▶ TASK ITEM
For this exercise, the lines from the one with "身頃のレースは、フランス製リ" through the end of the material below must be output exactly, without pictures.

▶ DATA SHOWN
========
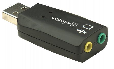 MANHATTAN Hi-Speed ​​USB 3D Sound Adapter is ideal for desktop PCs, laptops and netbooks, where he is on a USB port microphone input and audio output. Connect your headset, microphone or speakers via cable with 3.5 mm stereo plug, the connector is on the back often difficult to reach - you do not have this problem with this adapter. Plug & Play installation and hot-swap capability circumvent defective sound cards and audio ports and improve access without special drivers or software. A built-in power amplifier is powered directly via the USB port, which makes external power supplies or additional cables unnecessary. Support for 3D audio and virtual 5.1 surround sound and built-in sound effects with 10-band equalizer ensure rich, high-quality sound experience with USB convenience and functionality. - Provides microphone input / audio output to a USB port available - ideal for desktop PCs, notebooks and netbooks
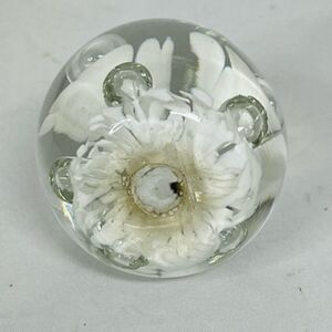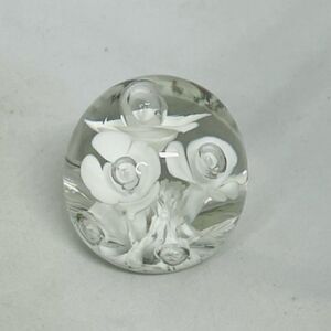 Vintage JOE ST CLAIR PAPERWEIGHT - WHITE TRUMPET FLOWERS & Bubbles 2.5"
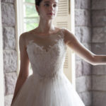 身頃のレースは、フランス製リバーレースと立体的なフランス製コードリバーレースのスカラップを使用した上品なドレスです。
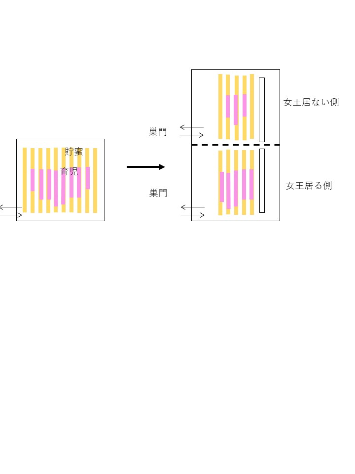 この様にすると上下に働き蜂が行き来して活発になる。
========
▶ ANSWER BOX
 身頃のレースは、フランス製リバーレースと立体的なフランス製コードリバーレースのスカラップを使用した上品なドレスです。
 この様にすると上下に働き蜂が行き来して活発になる。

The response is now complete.